12 July, 2008

Raymond Chandler

Raymond Thornton Chandler was an American author of crime stories and novels of immense stylistic influence upon modern crime fiction, especially in the style of the writing and the attitudes now characteristic of the genre. His protagonist, Philip Marlowe, is synonymous with "private detective," along with Dashiell Hammett's Sam Spade.

In 1900, Chandler attended Dulwich College, London, where he was classically educated. He did not attend university, instead spending time in France and Germany. In 1907, he was naturalized as a British subject in order to take the Civil Service examination, which he passed with the third-highest score. He then took an Admiralty job lasting slightly more than a year. His first poem was published during that time.

Chandler disliked the servile mindset of the civil service and quit, to the consternation of his family. He then was an unsuccessful journalist, published reviews, and continued writing Romantic poetry. Accounting for that checkered time he said that "It was the age of the clever young man, but I was distinctly not a clever young man."

In 1912, he borrowed money from his uncle, and returned to the U.S., eventually settling in Los Angeles.
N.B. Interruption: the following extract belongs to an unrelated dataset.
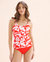 The Costa Del Ray tankini top, with its red and white leaf print, evokes the warmth of an Italian summer. Its delicate front ruching and built-in bra provide subtle support, while the adjustable straps can be worn two ways.
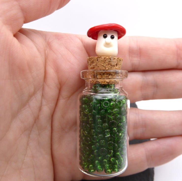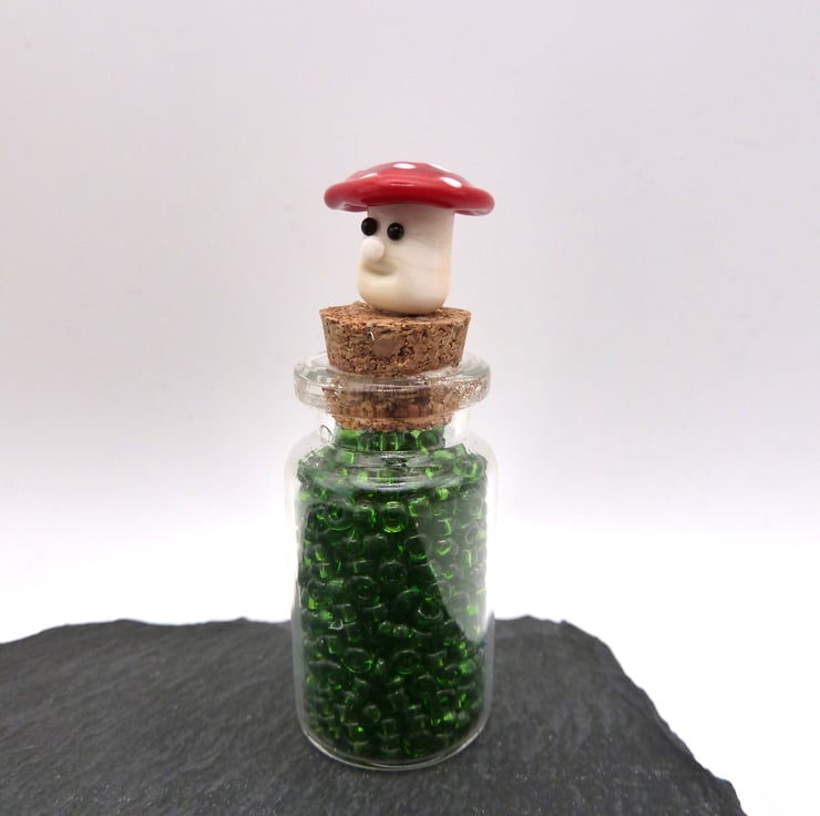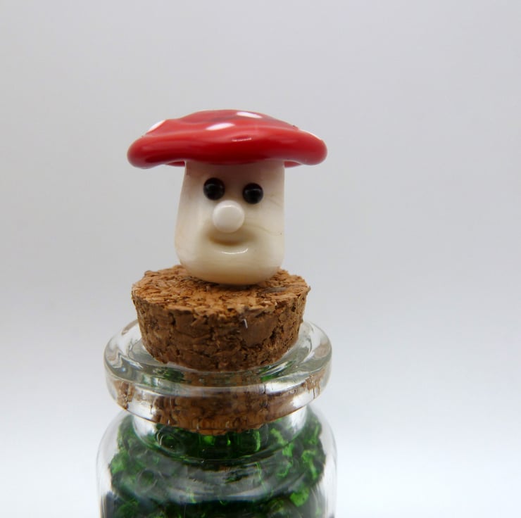 A glass bottle keepsake gift which features a small handmade glass toadstool on the top.

He strung tennis rackets, picked fruit and endured a lonely time of scrimping and saving. Finally, he took a correspondence bookkeeping course, finished ahead of schedule, and found a steady job. In 1917, when the U.S. entered World War I, he enlisted in the Canadian Army, served in France, and was in flight training in England at war’s end.

After the armistice, he returned to Los Angeles and his mother, and soon began a love affair with Cissy Pascal, a married woman eighteen years his senior. Chandler's mother, who had opposed the union, died on 26 September 1923, and not long after, in 1924, Chandler and Pascal married. By 1932, in the course of his bookkeeping career, he became a vice-president of the Dabney Oil syndicate, but a year later, his alcoholism, absenteeism, and a threatened suicide provoked his firing.

To earn a living with his creative talent, he taught himself to write pulp fiction; his first story, “Blackmailers Don't Shoot”, was published in Black Mask magazine in 1933; his first novel, The Big Sleep, was published in 1939. Literary success led to work as a Hollywood screenwriter: he and Billy Wilder co-wrote Double Indemnity (1944), based upon on James M. Cain's novel of the same name. His only original screenplay was The Blue Dahlia (1946). Chandler collaborated on the screenplay of Alfred Hitchcock's Strangers on a Train (1951) - a story he thought implausible - based on Patricia Highsmith's novel. By then, the Chandlers had moved to La Jolla, California, a rich coastal town near San Diego.

In 1954, Cissy Chandler died after a long illness, during which time Raymond Chandler wrote The Long Goodbye. Lonely and depressed, he returned to drink, never quitting it for long, and the quality and quantity of his writing suffered, after a time in England he returned to La Jolla, where he died of pneumonia peripheral vascular shock and pre-renal uremia in the Scripps Memorial Hospital per the death certificate.